● Instructions for the task
Please keep the pictures out and write out exactly the lines from the first in the data below through the one containing "3、启用TCP/IP协议,并", both included.

● Provided data

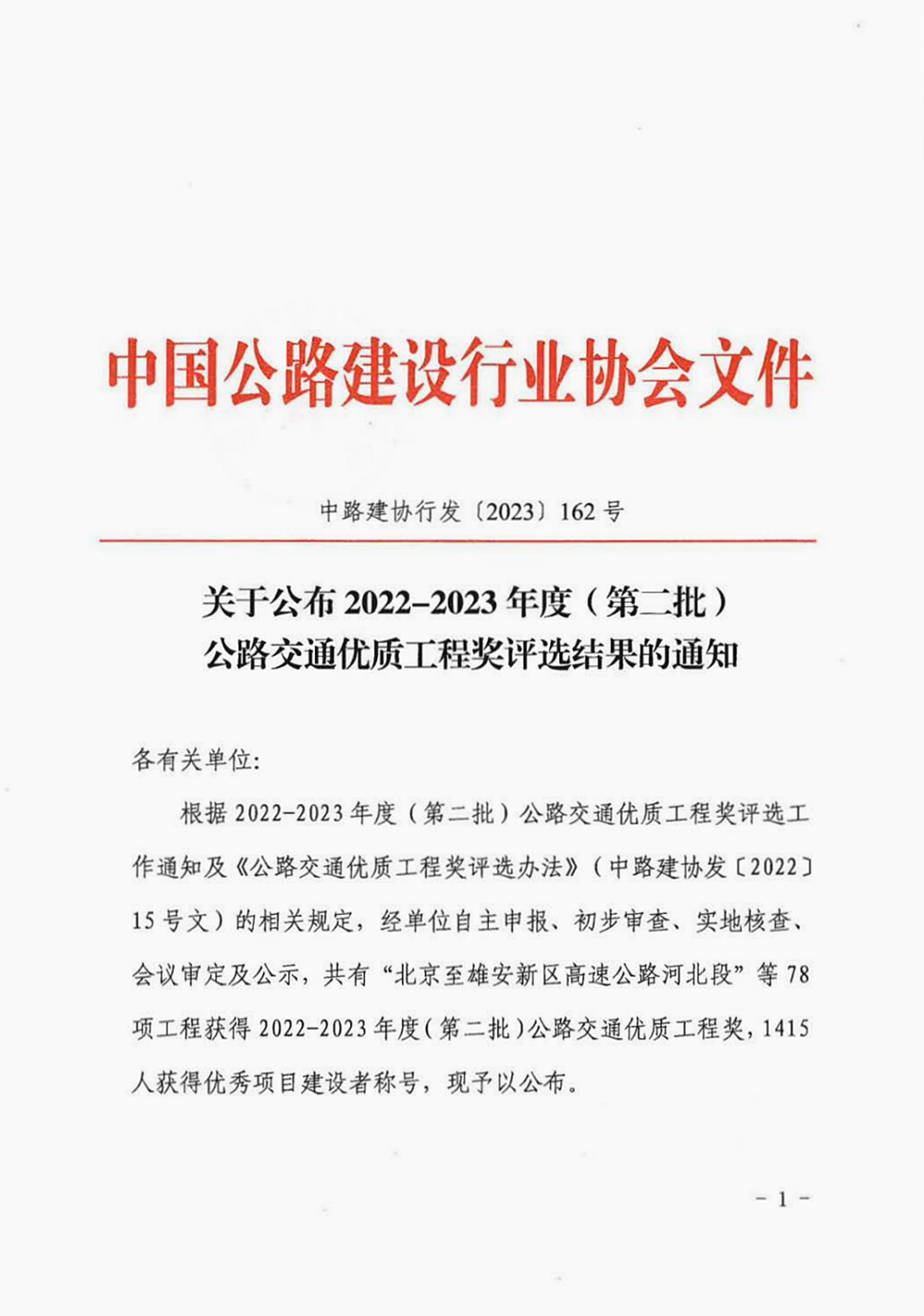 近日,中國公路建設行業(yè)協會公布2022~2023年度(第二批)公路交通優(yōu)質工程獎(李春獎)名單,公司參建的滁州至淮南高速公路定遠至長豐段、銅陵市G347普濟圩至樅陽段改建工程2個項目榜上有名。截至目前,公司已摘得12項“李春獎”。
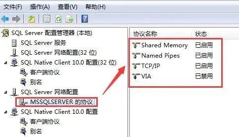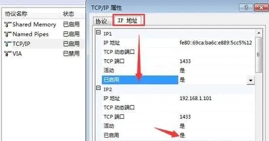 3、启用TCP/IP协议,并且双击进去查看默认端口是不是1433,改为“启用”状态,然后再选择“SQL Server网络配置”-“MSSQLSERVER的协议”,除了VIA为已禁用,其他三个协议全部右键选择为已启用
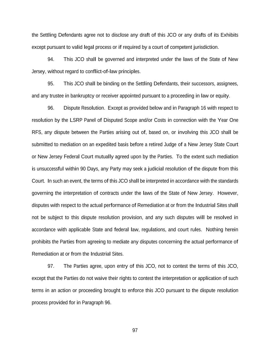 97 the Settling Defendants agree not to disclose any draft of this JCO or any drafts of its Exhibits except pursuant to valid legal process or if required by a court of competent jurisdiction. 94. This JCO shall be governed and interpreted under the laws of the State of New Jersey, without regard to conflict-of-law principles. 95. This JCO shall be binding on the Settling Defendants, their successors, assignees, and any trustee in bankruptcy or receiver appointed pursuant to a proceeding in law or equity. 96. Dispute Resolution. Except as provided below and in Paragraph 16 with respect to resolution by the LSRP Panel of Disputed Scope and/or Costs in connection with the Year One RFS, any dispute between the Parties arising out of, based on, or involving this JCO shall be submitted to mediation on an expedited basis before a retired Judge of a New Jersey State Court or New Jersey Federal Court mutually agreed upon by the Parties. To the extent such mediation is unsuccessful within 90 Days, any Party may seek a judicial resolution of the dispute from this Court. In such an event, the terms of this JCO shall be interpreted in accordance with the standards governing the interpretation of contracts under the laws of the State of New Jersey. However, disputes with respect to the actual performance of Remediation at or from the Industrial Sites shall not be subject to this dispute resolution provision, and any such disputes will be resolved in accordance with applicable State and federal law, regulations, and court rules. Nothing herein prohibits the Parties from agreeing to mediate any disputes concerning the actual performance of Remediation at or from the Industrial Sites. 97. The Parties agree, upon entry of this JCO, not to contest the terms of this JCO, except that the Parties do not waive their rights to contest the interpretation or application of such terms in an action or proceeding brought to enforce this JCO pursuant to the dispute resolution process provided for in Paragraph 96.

● Result of the exercise
 近日,中國公路建設行業(yè)協會公布2022~2023年度(第二批)公路交通優(yōu)質工程獎(李春獎)名單,公司參建的滁州至淮南高速公路定遠至長豐段、銅陵市G347普濟圩至樅陽段改建工程2個項目榜上有名。截至目前,公司已摘得12項“李春獎”。
 3、启用TCP/IP协议,并且双击进去查看默认端口是不是1433,改为“启用”状态,然后再选择“SQL Server网络配置”-“MSSQLSERVER的协议”,除了VIA为已禁用,其他三个协议全部右键选择为已启用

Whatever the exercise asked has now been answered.